Italian coffeehouse and fast casual dining franchise

Café Barbera is an Italian coffeehouse and fast casual dining franchise registered with the International Franchise Association (IFA) since 2015. It operates franchises in Europe, the UK, the Middle East, Africa, Asia and South America. The first Cafè Barbera opened in 2004 in Dubai and is named after the first Café Barbera founded by Domenico Barbera in 1870 in Southern Italy. It is considered one of the oldest companies in Europe and is still managed by the Barbera family.

== Business concept ==

Domenico Barbera established his coffee roasting business, named Caffé Barbera, in 1870 in Southern Italy. Being one of the five oldest coffee companies in Europe, the franchise company Café Barbera opened its first corporate coffeehouse in Dubai in 2004. The first franchisee location opened in Dubai in 2009.

==Franchise operations==
Café Barbera became a member of the International Franchise Association in 2015. It has locations in Europe, South America, UAE, UK, Greece, Egypt, Ghana, Iraq, Kuwait, Qatar, Saudi Arabia, Romania, Morocco, Jordan, Georgia, Indonesia, Mauritius, Djibouti & Philippines.

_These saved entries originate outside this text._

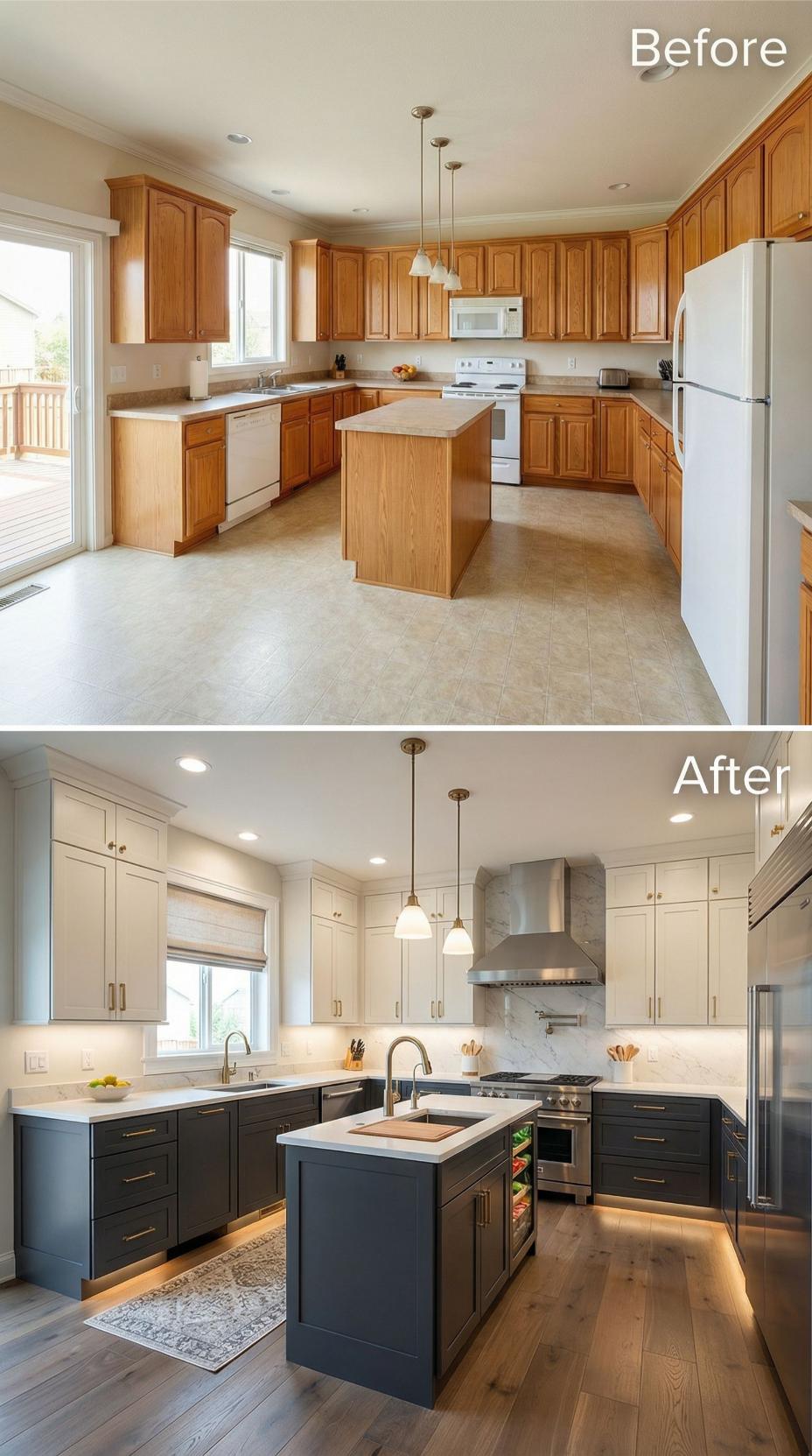 From Builder Grade Oak to Contemporary Two-Tone Sophistication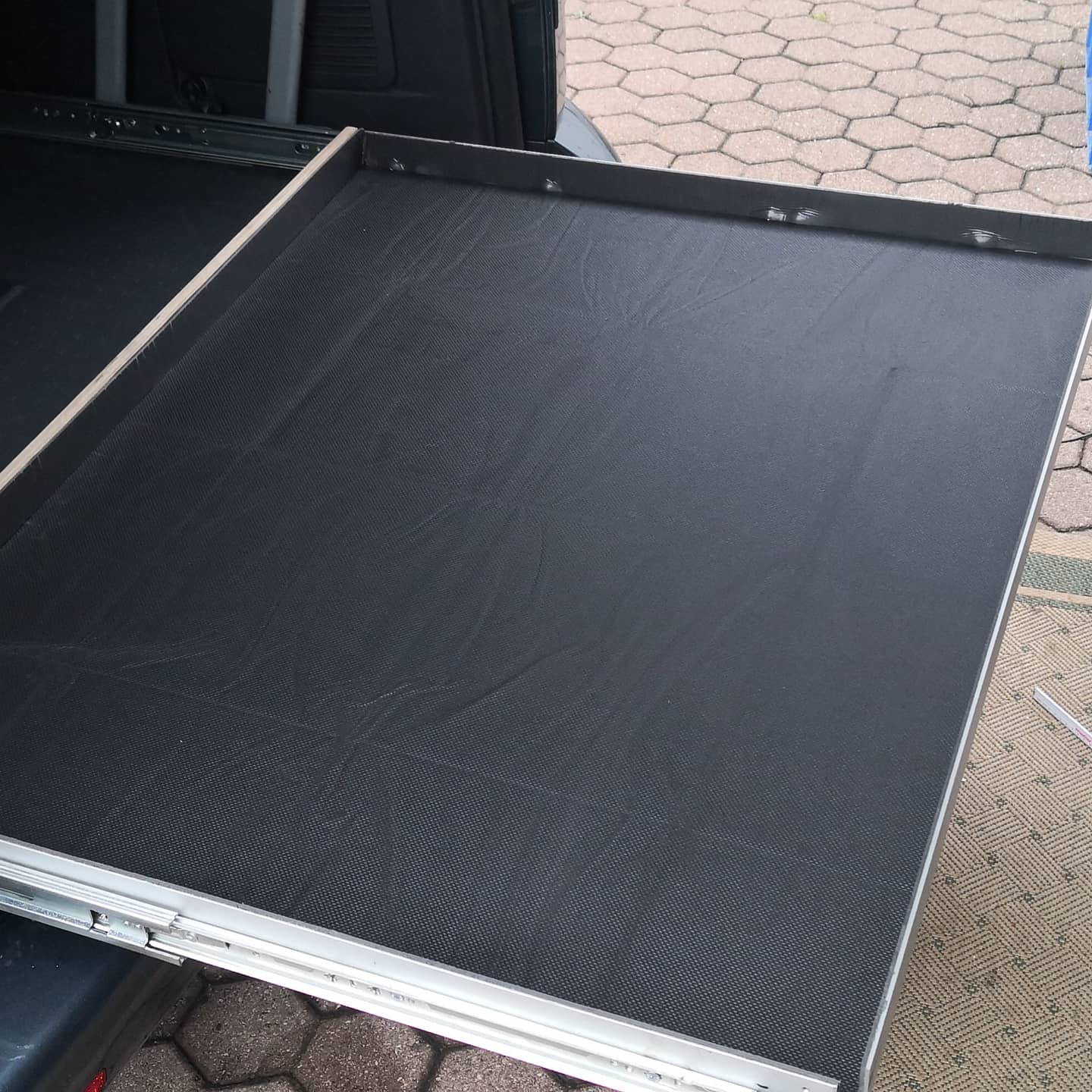 Ausgang ein normaler T5 Multi, Multiflexboard, Heckauszug 800mm Eigenbau, ND Rack Dachträger mit Fiamma F35 pro, 225/70 16 All Terrain, PowerBox und Solatpanel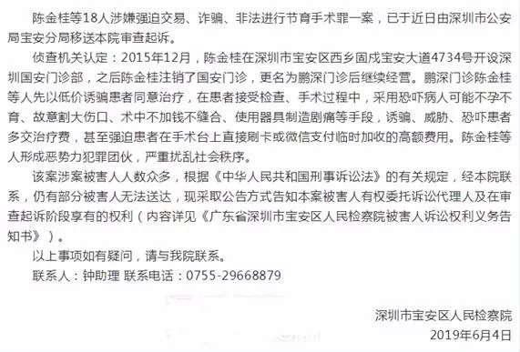 最近,寶安區(qū)人民檢察院就發(fā)布了一起案件公告,當(dāng)中顯示寶安區(qū)西鄉(xiāng)鵬深門診在病患接受檢查、手術(shù)治療過程中,為獲取不法利益,采用“惡意夸大病情、故意割大傷口及使用器具制造疼痛”等手段,誘騙、威脅、恐嚇患者多交治療費(fèi),近日鵬深門診18人被起訴。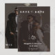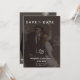 A stylish option for modern couples, this customizable chic black Save the Date invitation features elegant calligraphy paired with refined serif and modern sans fonts. The photo background on the front creates instant visual impact, while the back design includes a customizable monogram, photo, and event details, adding a refined and sophisticated finishing touch.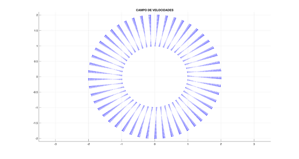 Hemos calculado las constantes a y b, desarrollamos la ecuación. Quedando el campo de velocidades la las partículas como:
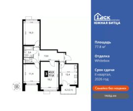 Корпус сдан! Прямая продажа от застройщика! Семейный жилой район класса Комфорт ПлюсПродаётся 3-к квартира номер 111 в сданном корпусе общей площадью 84.5 кв.м. на 7-м этаже 20 этажного дома.Особенности:- Квартира доступна к покупке в Trade-In.- Гостевой санузел- Большая кухня- Ниша под шкаф- Панорамное остекление лоджии- ЛоджияРасположение комплекса: Сочетание свободного перемещения по внутреннней территории без машин и ощущения абсолютной безопасности благодаря надежным ограждениям - вот что отличает ЖК Южная Битца. На территории комплекса созданы все условия как для активного образа жизни, так и для спокойного времяпрепровождения. Свободно перемещайтесь по внутренней территории в безбарьерной среде! Продуманное зонирование во дворах позволяет отделить тихие зоны для родителей со спящими младенцами и тех, кто хочет почитать на свежем воздухе, от шумных игровых зон. Игровые зоны учитывают возраст детей. Площадки для детей старшего возраста вынесены за пределы дворов. Ощущение уютного дома должно начинаться с подъезда. Мы постарались предусмотреть все нюансы, чтобы наши лифты отвечали самым строгим современным требованиям. А наличие кладовых позволит вам поддерживать идеальный порядок и уют в вашей квартире!Транспортная доступность:В 3 км от МКАД в нескольких минутах езды до трех станций метро: Аннино, Бульвар Дмитрия Донского, улица Старокочаловская и станции МЦД2 - жд Бутово.Внутренняя инфраструктура:Для жителей жилого района ''Южная Битца'' доступна развитая инфраструктура близлежащих московских районов Чертаново, Южное, Бирюлёво Западное, Северное Бутово и Южное Бутово. Множество образовательных учреждений, объекты здравоохранения, торговые и развлекательные центры, кинотеатры, кафе, рестораны, парки. Цены указаны с учетом скидки.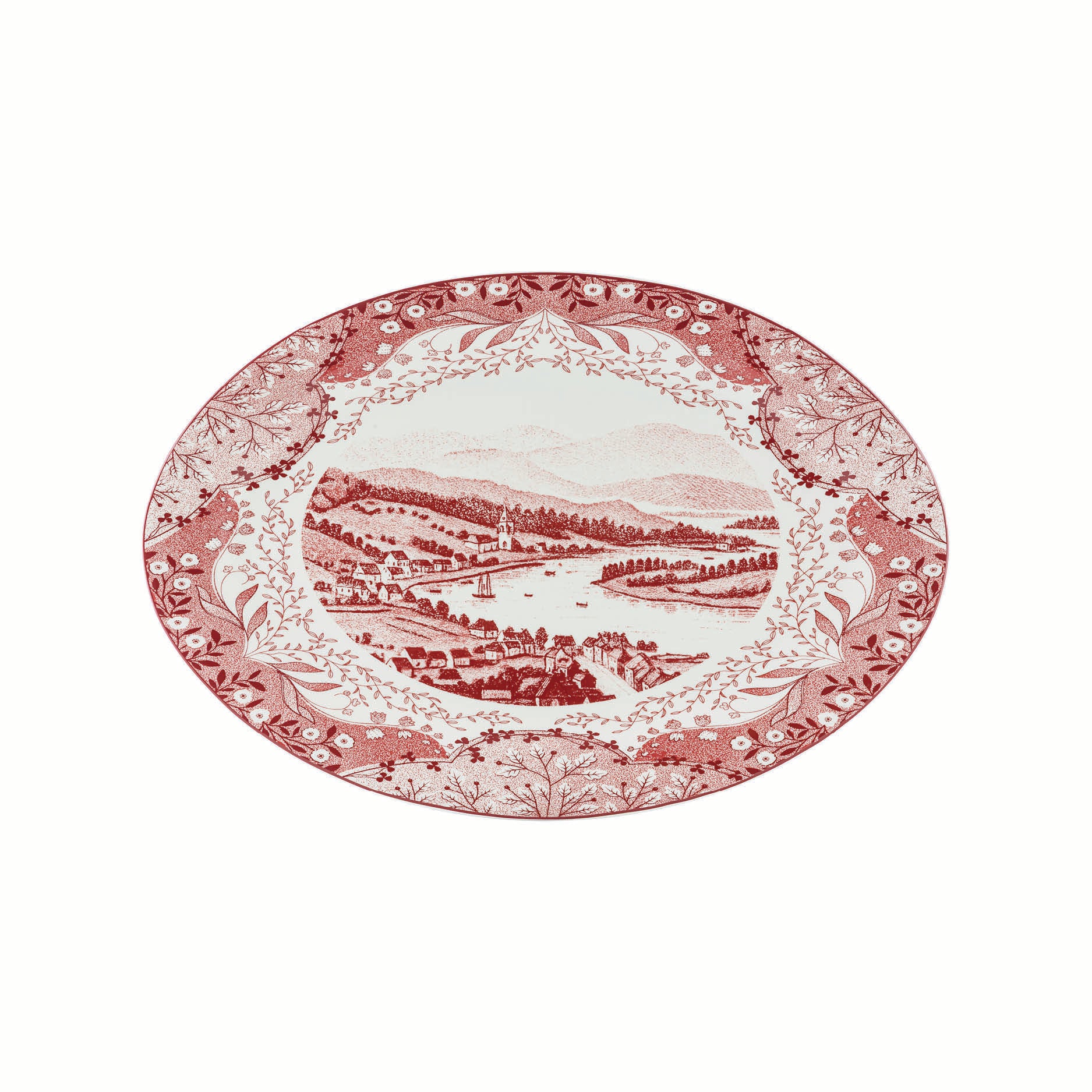 Et elegant serveringsfat i rød Vintage, ideelt til kaker, pålegg eller mindre anretninger. Det ovale formatet fremhever landskapsmotivet og gjør fatet til et dekorativt midtpunkt på bordet.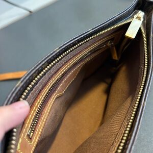 Stylish shoulder bag with iconic monogram pattern. Features adjustable strap. Ideal for everyday elegance. In Excellent Condition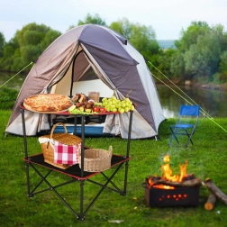 Ideaalne telkimiseks, piknikeks või aiapidudeks tänu stabiilsele tööpinnale.
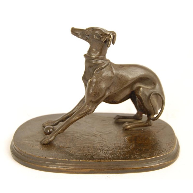 After Pierre Jules-Mene (1810-1879). Whippet with a ball, on an oblong base, bronzed iron, 4.5in (11.5cm) h, 6in (15cm) l.
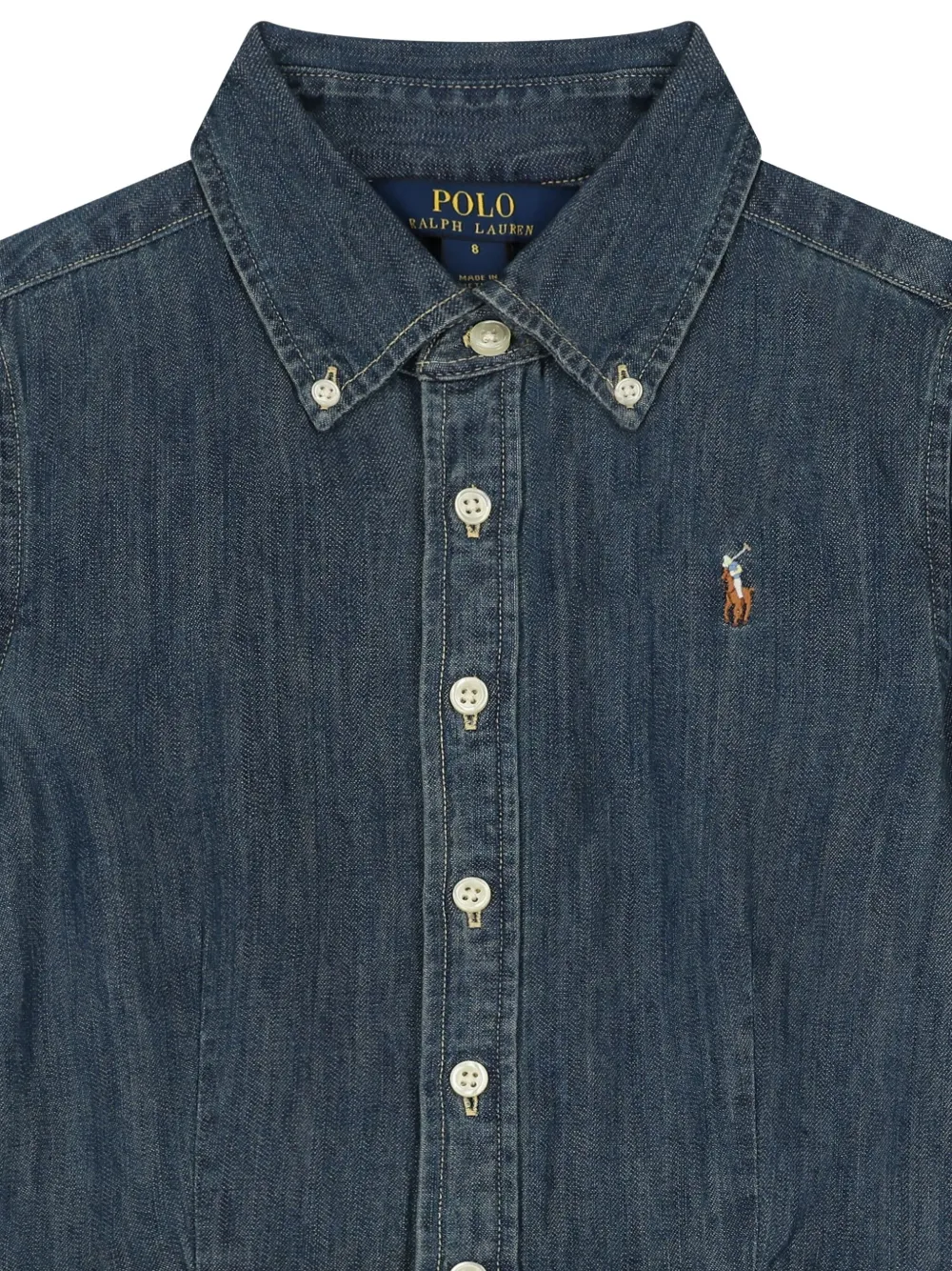 Джинсовое платье-рубашка на пуговицах POLO RALPH LAUREN KIDS, синий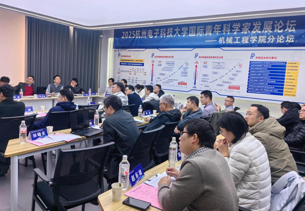 2025年12月28日至29日,杭州电子科技大学2025年国际青年科学家发展论坛——智能制造分论坛在第八教学楼机械科学大仪中心一楼会议室成功举行。本次会议采用线上线下相结合的方式,吸引了来自海内外的18位青年学者参加交流研讨。校人事处副处长陈上宝,机械工程学院全体领导班子成员、学院特聘教授张义民及各科研团队负责人出席了本次分论坛。会议由机械工程学院党委书记王胡英主持。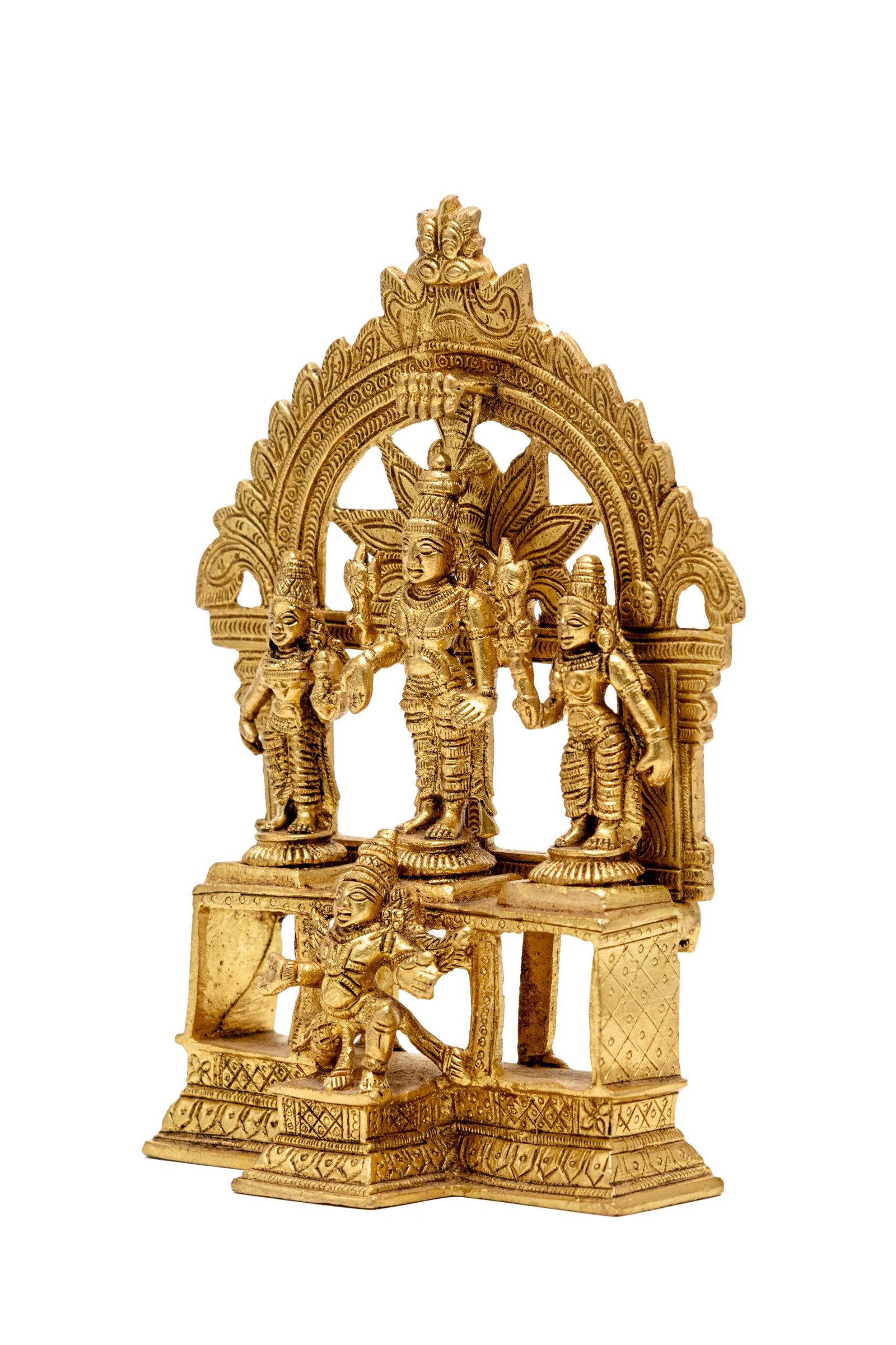 Placing the Brass Superfine Vishnu Idol with Sri Devi and Bhu Devi on Garuda in your home or office creates an aura of divine blessings, ensuring prosperity, protection, and spiritual enlightenment. It serves as a symbol of balance, devotion, and the triumph of good over evil.

The company opened its first UAE coffee house location in Dubai in 2004 and had ten stores by 2020. In 2013, the first Brazilian franchised Café Barbera opened. There were multiple locations in Brazil by the end of 2015. The company also opened its first coffee shops in Africa in 2013. Several Café Barbera opened in 2014 in the Middle east and by the end of 2025 there were around 30 coffee houses in the region. Café Barbera entered also Pakistan in 2018 with four locations in the country. Between 2016 and 2019 stores were opened in Middle East, UK and Somaliland, Jordan, UAE and the United Kingdom. In 2019, Forbes Middle East featured the Cafe Barbera concept in the March issue as one of the fastest growing Italian coffee brand in the Middle East. Café Barbera has extensive growth plans in 2020 onward, with new stores opening in the UK, Romania, Greece, Georgia, Saudi Arabia, UAE, Egypt, Qatar, Mauritius, Maldives,Kenya Palestine, Djibouti, Indonesia, Malaysia and the Philippines.